The Kerala High Court’s ruling, if not reversed by the Supreme Court, has sweeping implications. It restores the tax exemption rooted in the doctrine of mutuality for RWAs, private clubs, trade unions, and all member-based associations, relieving them of retrospective GST demands from 2017 onwards. It must, however, be noted that the ruling is currently that of a High Court and has now been challenged before the Supreme Court.
VII. SUMMARY OF KEY POSITIONS
| Issue | Current Legal Position | Status |
| Maintenance charges ≤ Rs. 7,500/month/member | Exempt (Entry 77, Notification 12/2017) | Settled |
| Maintenance charges > Rs. 7,500 — taxability on entire amount vs. excess | CBIC: entire amount taxable. Madras HC: only excess taxable (stayed by Division Bench) | Contested — pending |
| Individual electricity (pure agent, actual recovery) | Not taxable — CBIC Circular 206/18/2023 deems RWA as pure agent | Largely settled |
| Common area electricity charges | Taxable as part of composite supply (multiple AARs) | Since CAM is disputed, this is also disputed |
| Levy of GST on RWA member contributions — mutuality | Kerala HC struck down Section 7(1)(aa) as unconstitutional (April 2025) | Pending SC appeal |
VIII. CONCLUSION AND ADVISORY
The GST framework for RWAs remains a dynamic and evolving area of law.

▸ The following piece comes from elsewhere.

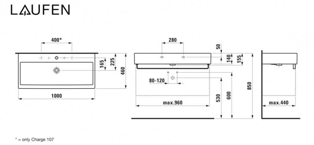 Раковина для ванної кімнати Laufen Living 100х46 см з 1 отвором кераміка білий H8184370001041
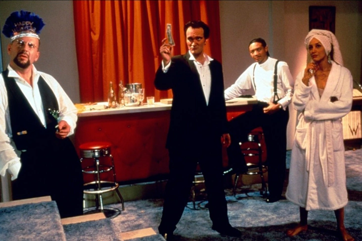 После работы с Квентином Тарантино над фильмом «Криминальное чтиво» Брюс Уиллис захотел сняться в другой его ленте – одной из глав киносборника «Четыре комнаты» под названием «Пентхаус: человек из Голливуда». У фильма был небольшой бюджет, и Тарантино не мог выплатить положенный Уиллису гонорар, поэтому актер снялся в нем безвозмездно. Из-за правила Гильдии киноактеров его имя не указали в титрах, потому что артисты не имеют права сниматься бесплатно.

The fundamental question of whether the doctrine of mutuality insulates RWA-member transactions from GST altogether, powerfully argued through the Kerala High Court’s April 2025 ruling, is now poised to be settled by the Supreme Court. Similarly, whether GST on maintenance charges in excess of Rs. 7,500 is payable on the entire amount or only the excess awaits a definitive apex court pronouncement.
In this context, RWAs and apartment owners are advised to:
- Ensure GST registration if aggregate turnover exceeds Rs. 20 lakhs, notwithstanding any argument on mutuality.

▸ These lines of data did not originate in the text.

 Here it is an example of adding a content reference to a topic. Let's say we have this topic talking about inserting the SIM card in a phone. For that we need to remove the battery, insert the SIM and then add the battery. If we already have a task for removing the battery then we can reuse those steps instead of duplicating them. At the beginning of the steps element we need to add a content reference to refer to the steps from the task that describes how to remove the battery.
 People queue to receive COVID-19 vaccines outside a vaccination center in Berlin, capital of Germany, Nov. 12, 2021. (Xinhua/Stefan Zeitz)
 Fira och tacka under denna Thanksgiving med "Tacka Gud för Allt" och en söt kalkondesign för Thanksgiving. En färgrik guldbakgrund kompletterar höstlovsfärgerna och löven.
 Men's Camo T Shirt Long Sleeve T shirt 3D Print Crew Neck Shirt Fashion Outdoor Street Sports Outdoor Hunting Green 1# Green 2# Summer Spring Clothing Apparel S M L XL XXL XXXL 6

- Charge and collect GST conservatively (on the full amount where maintenance exceeds Rs. 7,500, pending judicial resolution) while simultaneously building a legal record to claim refunds or adjustments if the Madras/Kerala High Court positions are ultimately upheld by the Supreme Court.
- Ensure that electricity charges recovered from individual flat owners are strictly at actual DISCOM rates without markup, and maintain documentation (sub-meter readings, DISCOM bills) to establish pure agent status.

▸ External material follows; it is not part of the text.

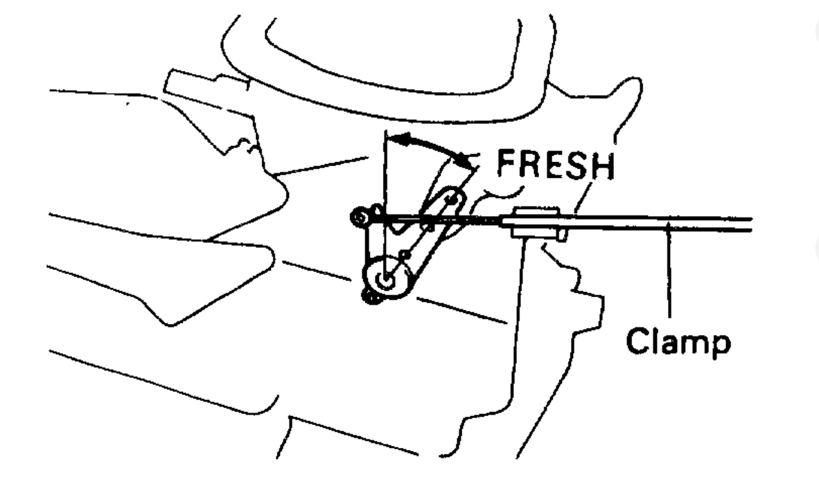 Set the air inlet damper on "fresh" position, install the control cable and lock the clamp.

- Treat common area electricity charges as part of the maintenance bill for threshold computation purposes.
- Monitor Supreme Court proceedings on the mutuality doctrine and the threshold controversy, as a favourable ruling could entitle RWAs to claim refunds for excess GST paid.
- If the RWAs decide to take an aggressive stand and not charge GST despite the twin conditions of maintenance exceeding Rs. 7500 and registration threshold exceeding Rs. 20 Lakhs, the RWAs will be slapped with the notice by the GST authorities. However, the same needs to be aggressively challenged before the relevant authorities. Lower authorities are not likely to give any relief to the RWAs in the light of the existing law and matter pending in Supreme Court. However, given the issues related to legality involved, the matter needs to be contested in the Supreme Court.